Mientras el planeta consolida su giro hacia una alimentación más funcional y consciente de la salud, la nuez vuelve a ocupar un lugar central en esa conversación. Chile, que ya es el segundo mayor exportador mundial de nueces con cáscara, capitalizó esa tendencia en 2025 con un salto de 54% en el valor de sus envíos, de la mano de un mercado que ni siquiera estaba en el radar de la industria hace pocos años: India.
Una tendencia de fondo que juega a favor de la nuez
El consumo mundial de frutos secos atraviesa un momento particularmente favorable, impulsado por un cambio más amplio en los hábitos alimenticios globales. El mercado mundial de nueces —en su definición amplia, que incluye almendras, nueces de nogal, avellanas y otros frutos secos— alcanzará los US$101.660 millones hacia 2034, expandiéndose a un ritmo anual de 5,09%. Ese crecimiento está anclado en un consumidor cada vez más orientado a lo funcional: cerca del 45% de los consumidores globales identifica a los frutos secos como su snack preferido por su contenido de antioxidantes, mientras la demanda de productos orgánicos crece más de 40% entre los compradores más preocupados por su salud. El mercado más amplio de superalimentos, categoría en la que la nuez se ha instalado con fuerza gracias a su aporte de ácidos grasos omega-3, se proyecta que casi se duplique para 2035, superando los US$500.000 millones.
Chile, protagonista silencioso de ese boom
En ese contexto favorable, la industria nogalera chilena vivió en 2025 uno de sus mejores años recientes: las exportaciones de nueces de nogal sumaron US$631 millones, un salto de 54% respecto a los US$411 millones registrados en 2024. Chile se consolida hoy como el segundo exportador mundial de nueces con cáscara y el tercero en nueces sin cáscara, superado únicamente por Estados Unidos y China, según cifras de ProChile.

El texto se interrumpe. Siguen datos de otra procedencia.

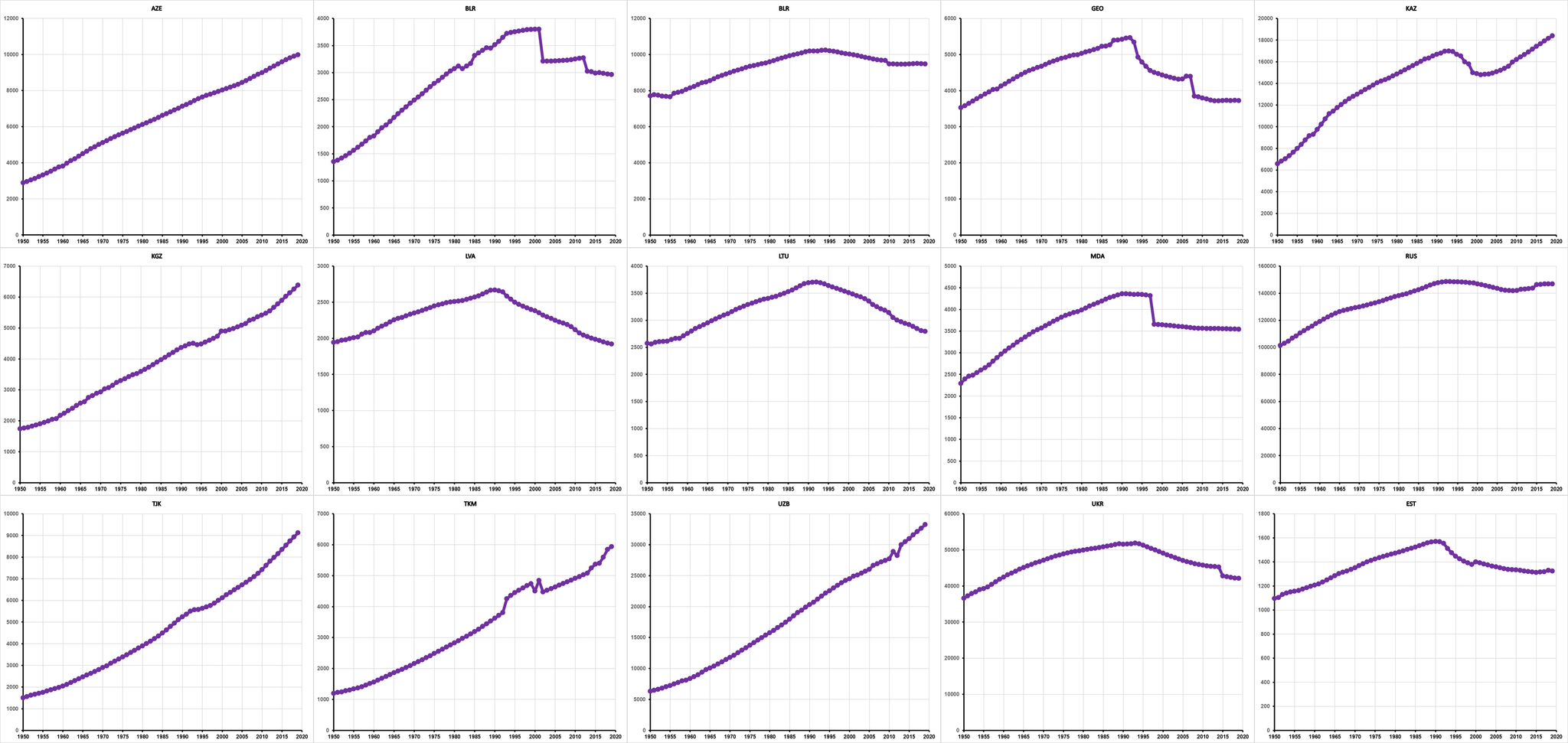 3) Период с1986 по настоящее время - катастрофическое для многих рассматриваемых стран снижение ЕП и его дальнейшая некоторая стабилизация (если можно так выразиться). Даже период застоя, покажется раем для многих и многих тех, кто окажется в начале 90х (а потом в начале 2020х, увы). Ко времени прихода к власти Горбачева и Ко теневой бизнес окреп на столько, что больше не нуждался в партийной крыше. Фактически в СССР к тому времени был реставрирован в полной мере класс крупных буржуа, а вместе с их доходами росли и их аппетиты. Оставалось только одно препятствие - советская надстройка государства. Апофеозом триумфа контрреволюции стало начало 90х, когда проигнорировав волю большинства населения страны, произошёл развал общего государства новым старым классом. Развал стал неизбежным финалом ряда необдуманных (и, может, преднамеренно враждебных) решений в экономике, мертвая хватка которых заставляла события катится как снежный ком, и чьи негативные последствия еще долго будут проявляется, что наглядно видно по графикам ЕП большинства бывших союзных республик.

La estacionalidad del negocio favorece además a los productores chilenos: al concentrarse la cosecha y los embarques entre agosto y octubre, la nuez chilena llega a los mercados del hemisferio norte en contraestación, justo cuando la oferta local de esos países ya se agotó, lo que le permite capturar mejores condiciones comerciales en calibres grandes y en calidad de color y sabor, atributos donde la fruta chilena tiene fama consolidada.
India, el mercado que cambió el mapa comercial
El dato más notable de esta temporada es el despegue de India como comprador. Los envíos de nueces chilenas hacia ese mercado llegaron a crecer hasta 258% en algunas mediciones recientes, y de forma más amplia, las exportaciones agroalimentarias chilenas hacia India —lideradas por manzanas y nueces— se dispararon 149,7% entre enero y mayo de 2026. El interés no es casual: India ya superó a China en población, tiene una amplia base vegetariana que valora los frutos secos como fuente proteica, y una clase media en expansión con capacidad de compra creciente. El propio Ministerio de Agricultura ha priorizado la relación comercial con ese país, impulsando conversaciones para reducir los aranceles que hoy paga la nuez chilena en el mercado indio. Junto a India, Alemania, Italia, España y Emiratos Árabes Unidos completan el podio de destinos que diversifican cada año la cartera de la industria nogalera nacional.
Por qué la calidad sigue siendo la ventaja de fondo
Consultada sobre el desempeño del sector, la analista Macarena Pons subrayó que Chile mantiene ventajas estructurales para la producción de nueces gracias a sus condiciones naturales y a la experiencia acumulada por los productores: el clima mediterráneo de la zona central, la calidad de los suelos y la ubicación geográfica del país permiten producir una fruta con buen color, sabor equilibrado y textura firme, atributos cada vez más valorados en un mercado donde la diferenciación ya no depende solo del precio.
Lo que viene
La temporada 2026 arrancó con una proyección de producción de 165 mil toneladas, un volumen estable que confirma a la industria nogalera en una etapa de consolidación más que de expansión acelerada. Con la demanda india sosteniéndose fuerte y el consumo mundial de frutos secos proyectando crecimiento sostenido durante la próxima década, el desafío para los productores chilenos ya no es tanto plantar más hectáreas, sino sostener la calidad, la gestión productiva especializada y la diversificación de mercados que les permitió capturar, en un solo año, más de la mitad de crecimiento adicional en el valor de sus exportaciones.